Now let's use a different type of classification and regression tree implementated by RPart:
```{r echo=TRUE, warning=FALSE, message=FALSE, comment="", fig.path="Fig/"}
library(rpart)
secondFit <- rpart(classe ~ ., data=newTrainingData)
thirdPrediction <- predict(secondFit, type="class")
table(newTrainingData$classe, thirdPrediction)
library(rpart.plot)
prp(secondFit, cex=0.6, type=1)
```
Looking at the trees in Figure 1 and Figure 3 although the diagrams are different because they come from different packages there are similarities in the decisions they are using.

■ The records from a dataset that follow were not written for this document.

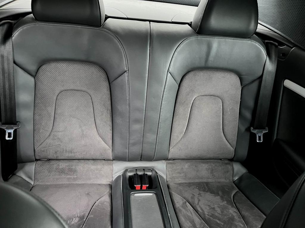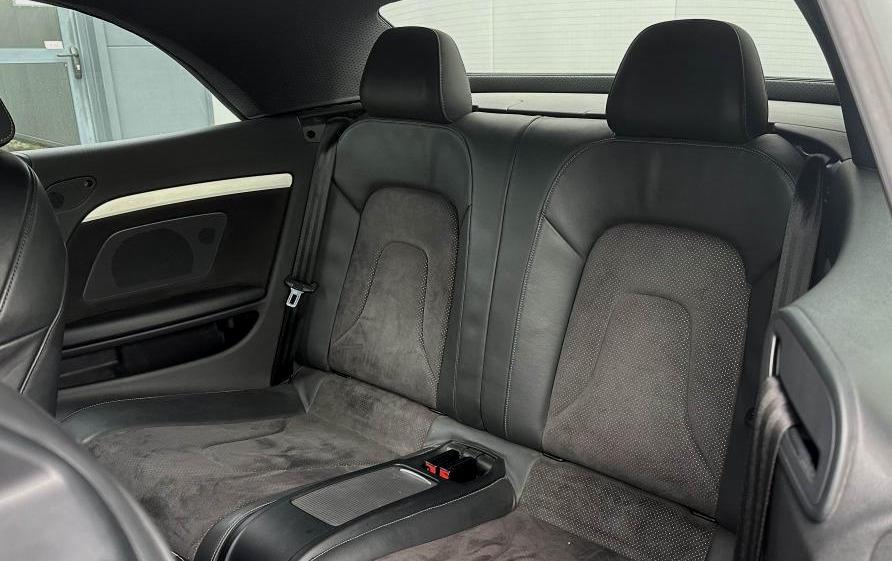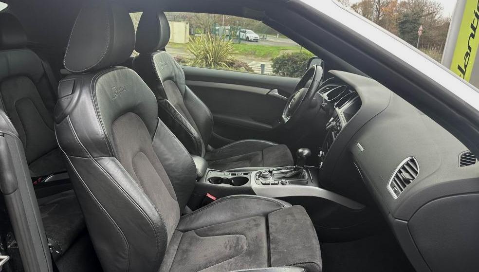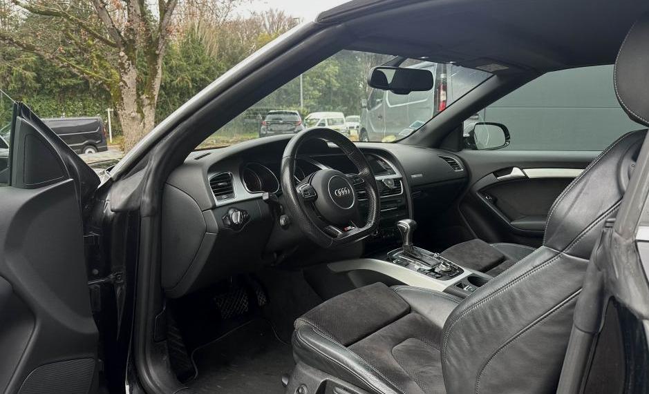 2 spots de lecture à l'avantAccoudoir central avant avec vide-poches et 2 prises 12 V dans la console centraleAirbags grand volume pour conducteur et passager avant avec détecteur de la position d'assise ; airbag adaptatif pour le conducteur et passager avantAirbags latéraux (airbag thorax et bassin à l'avant)Allume-cigare intégré dans le cendrier avantAntipatinage ASR pour une motricité optimale, empêche le patinage des roues motricesApplications décoratives en aluminium brossé matApproche-ceintures avant automatiqueAppuie-têtes, à l'avant et à l'arrière, réglables en hauteur à l'avantArceaux de sécurité actifs, système de protection à déclenchement automatique situé derrière les appuie-têtes arrièreAudi Music InterfaceAvertisseur deux tons avec commande au centre du volantBlocage électronique de différentiel EDS, aide au démarrage intervenant jusqu'à une vitesse d'environ 100 km/h, freinant automatiquement les roues motrices sur route glissante et inégalement adhérenteBoîte à gants verrouillableCapote entièrement automatique, en tissu isolant 3 couches, pouvant être activée jusqu'à 50 km/hCeintures de sécurité, automatiques à trois points pour les quatre places, contrôle de port de ceinture, couleur assortie à celle de l'habitacleCendrier dans la console centrale à l'avant et à l'arrièreCiel de capote en tissu, selon la couleur choisie, argent étoile, noir ou beige pashminaClimatisation automatique Confort Plus 3 zones à fonctionnalités étendues et affichage numériqueColonne de direction de sécurité, contient un système mécanique de déplacement avec fonction d'amortissement qui complète le potentiel de sécurité de la ceinture et de l'airbagContact d'allumage électronique ; clé de contact pouvant mémoriser différentes données d'entretienContrôle de pression des pneus ( TPMS )Contrôle électronique de stabilisation ESC, relie ABS, ASR et EDS à ses propres capteurs et compare les données de conduite avec les données de référenceCric dans le coffreDésactivation de l'airbag passager (désactive aussi l'airbag latéral passager)Détecteur de pluie et allumage automatique des projecteursDeux porte-gobelets intégrés à la console centraleDossier des sièges arrière rabattable séparément 50-50, avec déverrouillage à distance des dossiers depuis le coffreEclairage d’ambianceEclairage intérieur à extinction temporisée et contacteurs sur toutes les portièresEcrous antivolEncadrement de pare-brise en aluminiumÉtui à lunettes, dans le module d'éclairage intérieur avant, au-dessus du rétroviseur intérieurFilet coupe ventFonction Start/Stop : coupure et redémarrage automatiques du moteur en cas d'arrêt prolongé au point mort, désactivable par un bouton sur la console centraleFrein de stationnement électromécanique comprend la fonction de frein de stationnement à l'arrêtGPS PlusIndicateur d'usure des disques à l'avant, affichage sur le système d'information du conducteurIndicateur de rapport de vitesse dans le système d'information du conducteur : apporte assistance au conducteur dans le choix du rapport de vitesse adaptéIndicateur de température extérieure dans le système d'information du conducteur, en cas de températures inférieures à +5 °C, un cristal de glace apparaît sur l'afficheur, avertissant de la possibilité de verglasInstrumentation à éclairage réglable, tachymètre électronique avec compteur kilométrique totalisateur et journalier, compte-tours, horloge, indicateur de température du liquide de refroidissement et jauge de carburantLave-glace, deux vitesses, réglage d'intermittence sur 4 niveaux, commande de balayage coup par coup, lavage-balayage automatiqueLève-vitres avant et arrière électriques avec protection antipincement et fonction confort d'ouverture/fermeture par impulsionLimiteurs d'effort des ceintures de sécurité avantLogement de capote à configuration variableLunette arrière dégivrante avec minuterieMiroir de courtoisie éclairéOutillage de bord dans le coffrePack EclairagePack Extérieur S linePack RangementPhares antibrouillard intégrés dans le pare-chocsPommeau de levier de vitesse en cuir perforé, surpiqûres de soufflet de levier de vitesses argentPréparation ISOFIX pour sièges latéraux arrière et siège passager avantPréparation téléphone 2 W bi-bande (D et E), sans support pour adaptateur ni antenne de toit, commande sur volant multifonction, mains libres, interface BluetoothPrétensionneurs des ceintures de sécurité avantPrise de courant 12 volts, dans la garniture latérale droite du coffreQuatre oeilletons de fixation dans le coffre, pour maintenir les bagages et objets dans le coffre, points de suspension pour le filet mixteRangements dans la contre-porte à l'avant avec casier de rangement pour boissons, rangements à l'arrière sur les côtés du siège et dans les garnitures latérales arrièreRégulateur de vitesse électronique actif dès 30 km/hRéservoir avec protection contre les erreurs de ravitaillementRétroviseur intérieur jour/nuit automatique incluant une bande grise en haut du pare-briseRétroviseurs extérieurs avec clignotant latéral intégré à diodes, réglable électriquement, boîtiers dans la couleur de la carrosserie, miroir asphériqueRétroviseurs extérieurs et buses de lave-glace chauffantsRoue de secours temporaireSièges avant Sport incluant réglage de la longueur d'assise et appuis lombaires électriques sur 4 plans.Sortie d'échappement visible double, une double sortie à gaucheSystème acoustique d'aide au stationnement arrièreSystème audiophonique AudiSystème de freinage à double circuit en diagonale, système antiblocage ABS avec répartiteur de freinage EBV, avec assistant de freinage, servo-frein tandem, freins à disques avant et arrière, ventilés à l'avantTélécommande à fréquence radio pour le verrouillage centralisé, intégrée à la clé du véhiculeTriangle de pré-signalis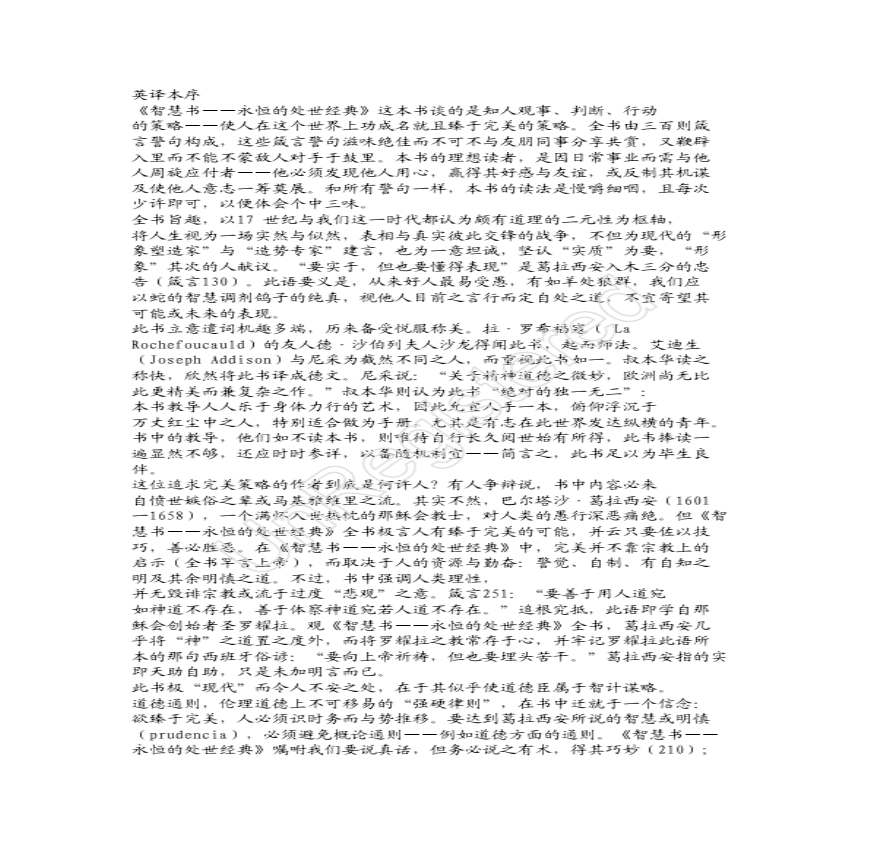 译者: 作者: 巴尔塔沙·葛拉西安 年: 学习资料页 智慧书》序言[打印本页]英译本序《智慧书永恒的处世经典》这本书谈的是知人观事、判断、行动的策略使人在这个世界上功成名就且臻于完美的策略。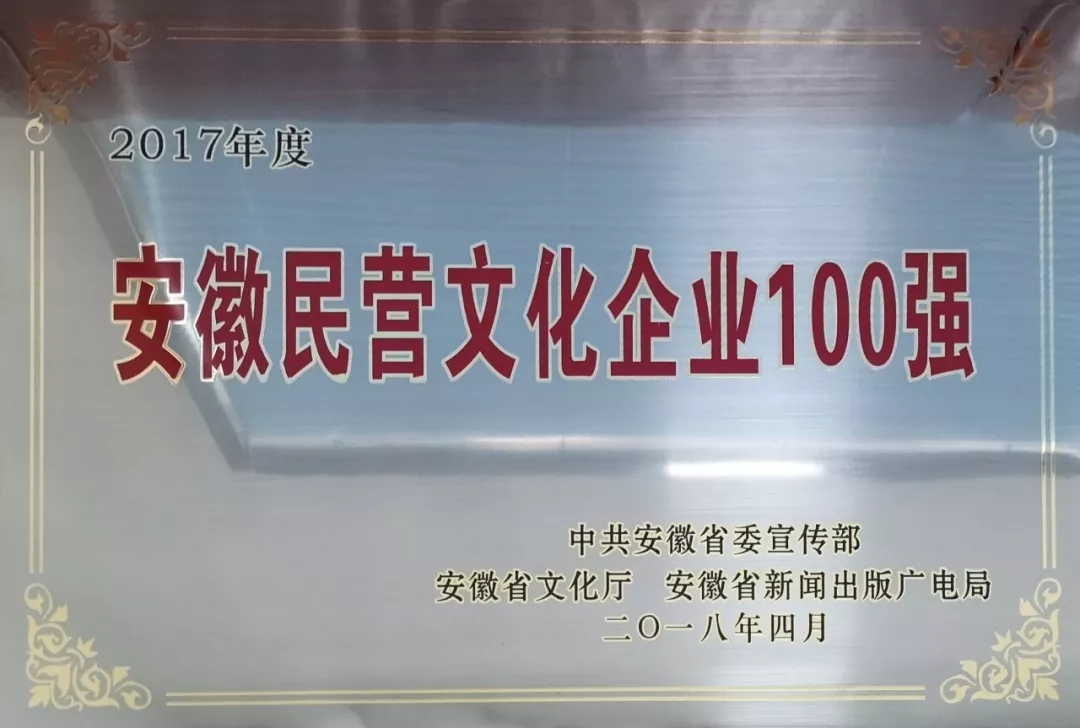 ●2017年,安徽心里程科技有限公司成功入選“2017年度安徽民營文化企業(yè)100強(qiáng)”。

```{r echo=TRUE, warning=FALSE, message=FALSE, comment="", fig.path="Fig/"}
cp <- secondFit$cp
plot(cp[, 2], cp[, 3], type = "l", xlab = "Size of tree (number of nodes", ylab = "Out of sample error (%)",
main = "Figure 4: Relationship between tree size and out of sample error")
```
Now we will be going to estimate the in-sample error again:
```{r echo=TRUE, warning=FALSE, message=FALSE, comment=""}
nright <- table(thirdPrediction == newTrainingData$classe)
rpartInError = as.vector(100 * (1 - nright["TRUE"]/sum(nright)))
```
We estimate the out-of-sample error to be `r rpartInError`%. Again this is an improvement on`tree`.
Now we will apply the random forest also proposed by [Breiman, L. (2001), Random Forests, Machine Learning 45(1), 5-32](http://oz.berkeley.edu/~breiman/randomforest2001.pdf)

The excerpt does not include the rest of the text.